**INFORMATION SHOWN:**

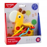 Această girafă este echipată cu șnururi colorate cu texturi variate, pe care copiii le pot întinde prin orificii, exersându-și astfel precizia și îndemânarea degetelor. Conține, de asemenea, elemente rotative și care clic-clăcăie, făcând jucăria și mai distractivă și captivantă.
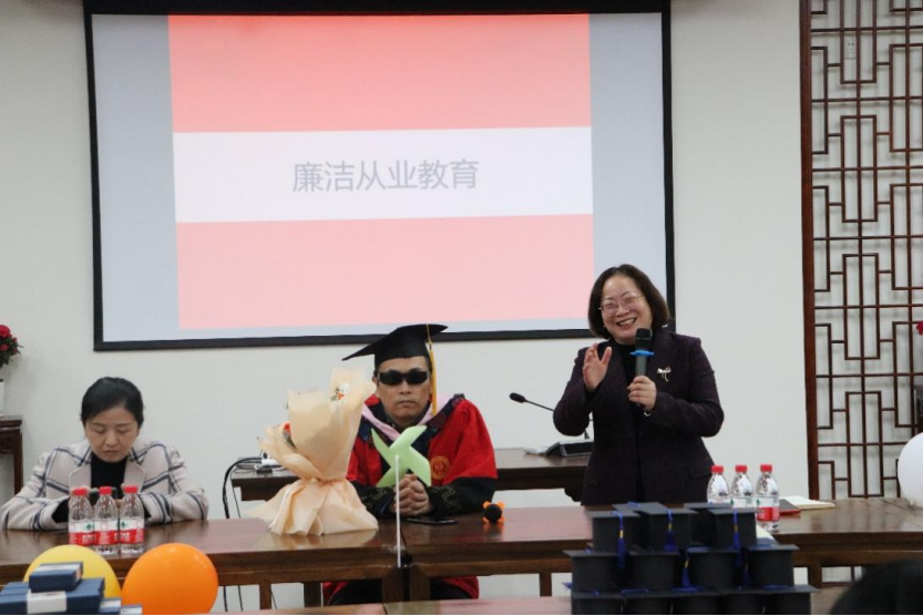 明朝即长路,惜取此时心。周经理和高书记代表公司为毕业生送上公司专属定制礼物,表达公司对毕业学子的深切关心。随后袁老师为毕业生开展了廉洁从业教育,以期毕业学子在未来工作与生活中循梦而行、向阳而生。伴着最后的师生交流活动,毕业座谈会慢慢接近尾声,毕业生与昔日深切教诲的老师回忆美好,畅谈未来。
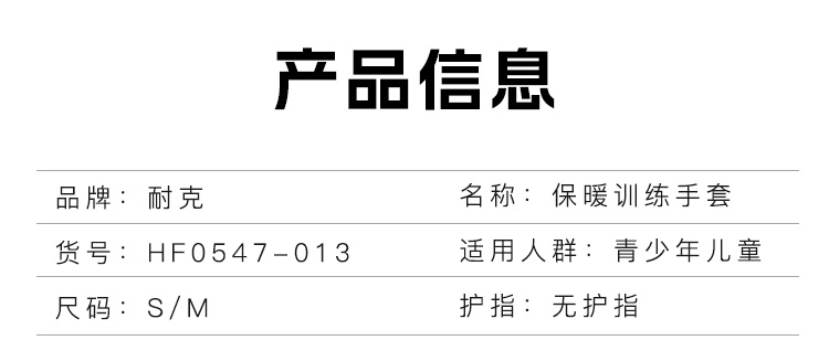 小李子正品NIKE耐克足球训练保暖手套青少年儿童款HF0547-013

**TASK STATEMENT:**
Whenever a line holds a picture, print that line without the picture. All other data must be output exactly.

**REPLY TO THE EXERCISE:**
 Această girafă este echipată cu șnururi colorate cu texturi variate, pe care copiii le pot întinde prin orificii, exersându-și astfel precizia și îndemânarea degetelor. Conține, de asemenea, elemente rotative și care clic-clăcăie, făcând jucăria și mai distractivă și captivantă.
 明朝即长路,惜取此时心。周经理和高书记代表公司为毕业生送上公司专属定制礼物,表达公司对毕业学子的深切关心。随后袁老师为毕业生开展了廉洁从业教育,以期毕业学子在未来工作与生活中循梦而行、向阳而生。伴着最后的师生交流活动,毕业座谈会慢慢接近尾声,毕业生与昔日深切教诲的老师回忆美好,畅谈未来。
 小李子正品NIKE耐克足球训练保暖手套青少年儿童款HF0547-013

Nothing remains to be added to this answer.